→ WORK REQUIRED
Set the data down again, exactly as it reads, but without the pictures.

→ SOURCE MATERIAL
>>>>
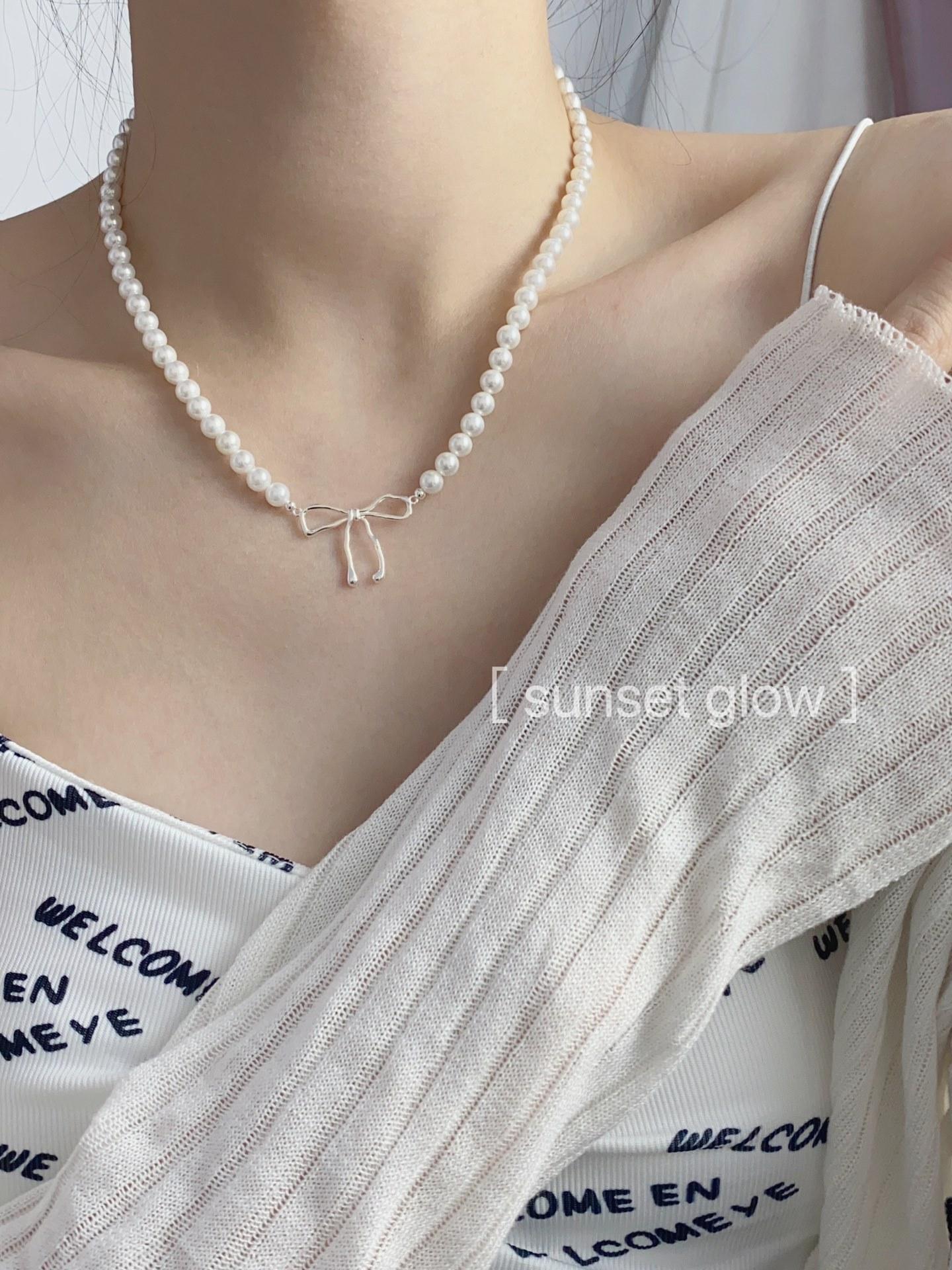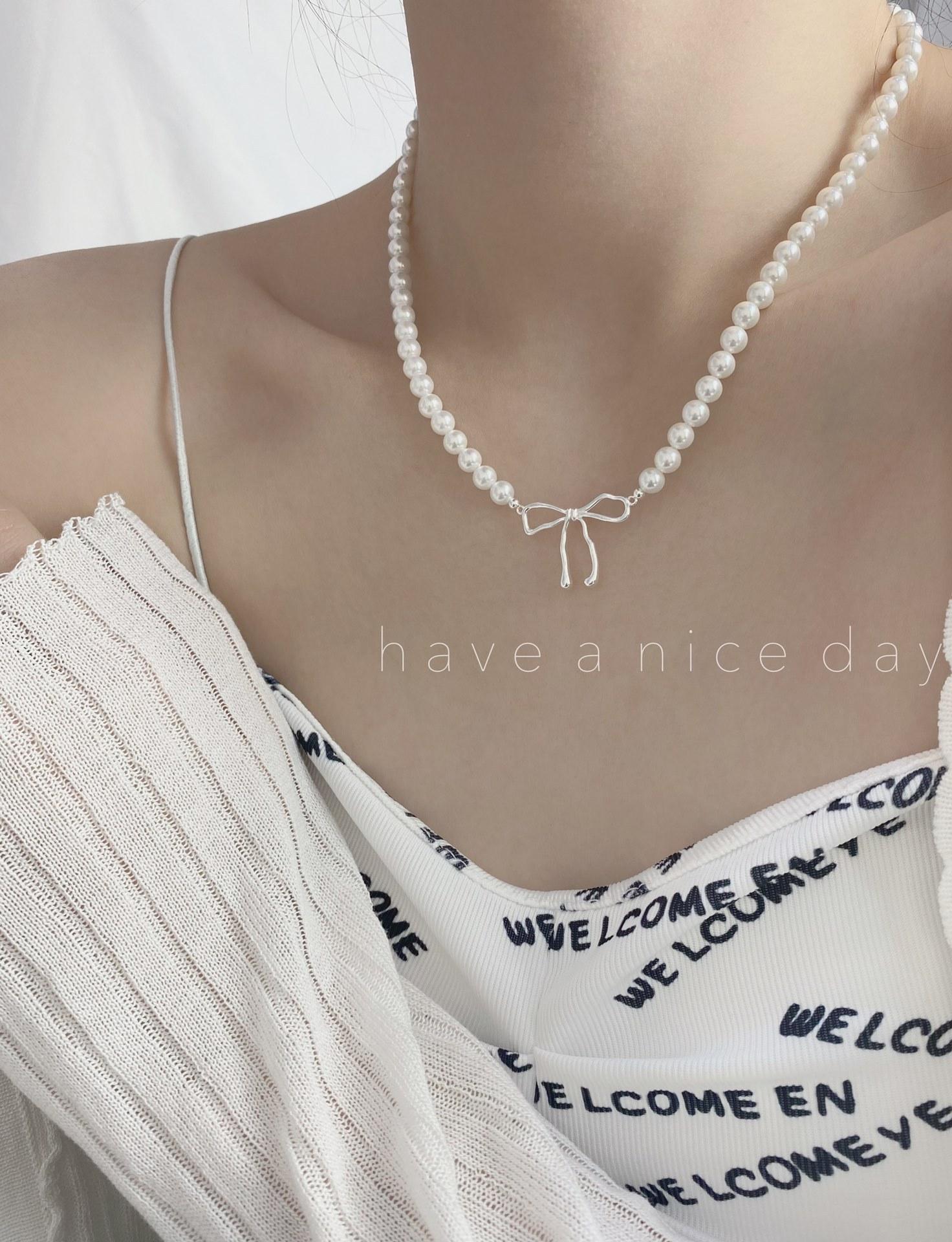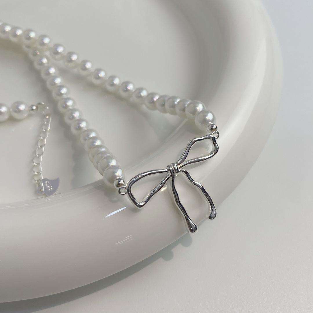 Collar de lazo con cuentas de plata esterlina S925, estilo delicado, collar sencillo para mujer
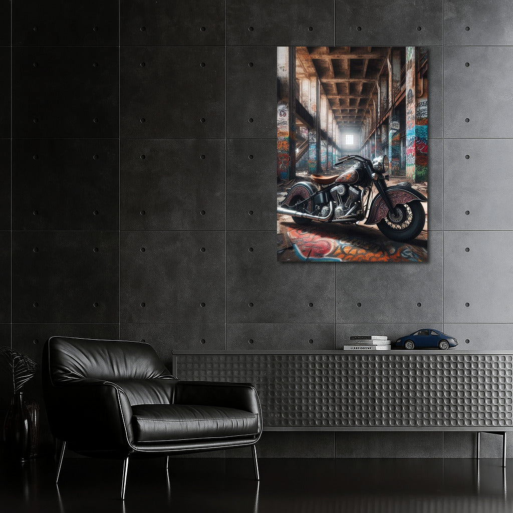 Legendary Indian motorcycle in an abandoned warehouse. Inspiring wall art that creates an atmosphere of freedom and adventure. See more from the collection: Indian Motorcycle Art
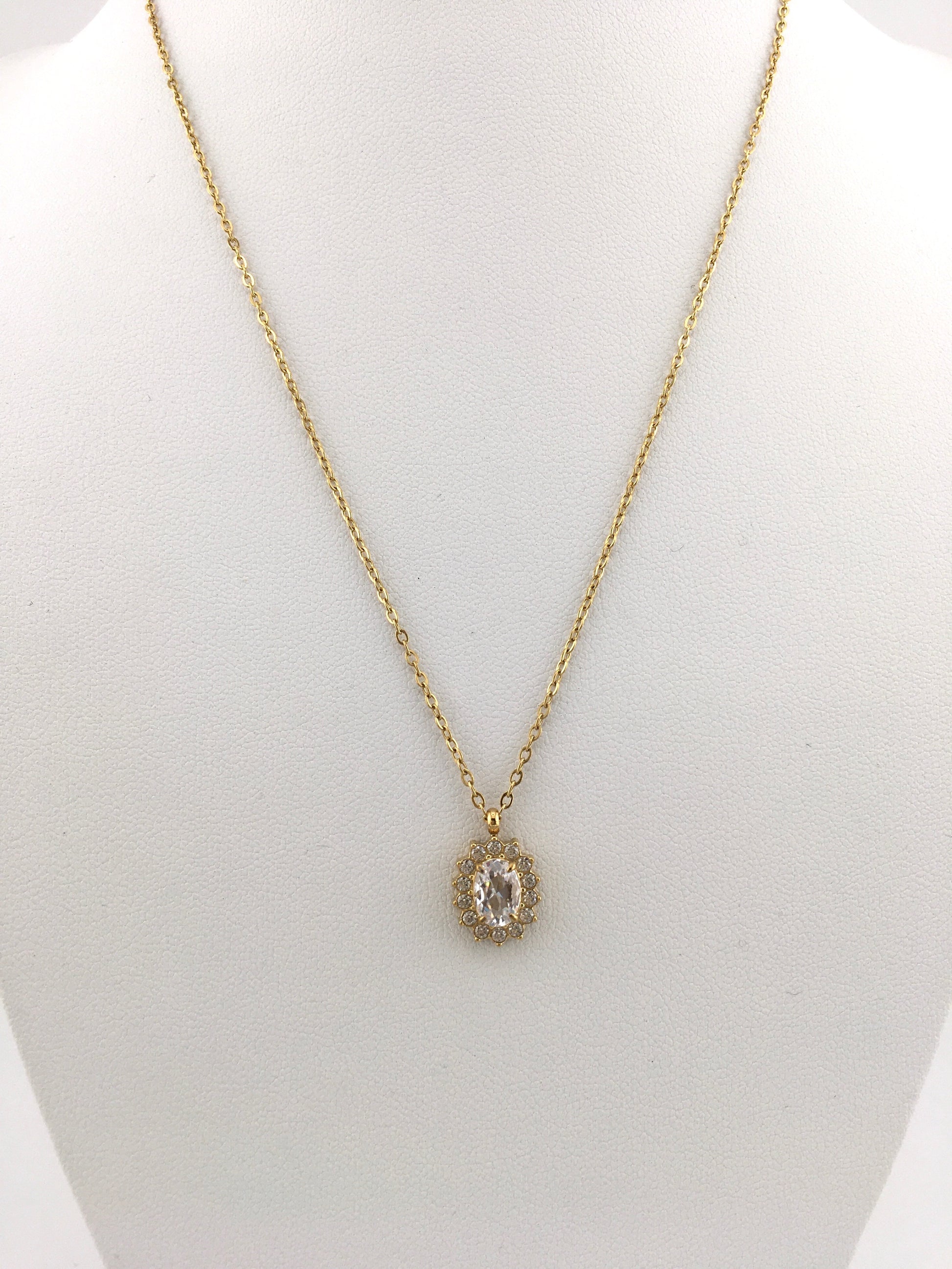La collana Ladystar è impreziosita da uno zircone ovale centrale, tagliato con precisione per catturare e riflettere ogni raggio di luce. Il design classico ma contemporaneo valorizza la pietra centrale, rendendola protagonista assoluta.
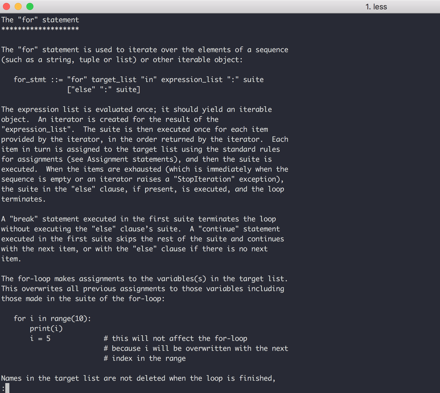 如果你想学习某个关键字的用法,可以在 help 模式下直接键入 关键字 查询用法,比如我直接键入 for
<<<<
→ RESPONSE AREA
 Collar de lazo con cuentas de plata esterlina S925, estilo delicado, collar sencillo para mujer
 Legendary Indian motorcycle in an abandoned warehouse. Inspiring wall art that creates an atmosphere of freedom and adventure. See more from the collection: Indian Motorcycle Art
La collana Ladystar è impreziosita da uno zircone ovale centrale, tagliato con precisione per catturare e riflettere ogni raggio di luce. Il design classico ma contemporaneo valorizza la pietra centrale, rendendola protagonista assoluta.
 如果你想学习某个关键字的用法,可以在 help 模式下直接键入 关键字 查询用法,比如我直接键入 for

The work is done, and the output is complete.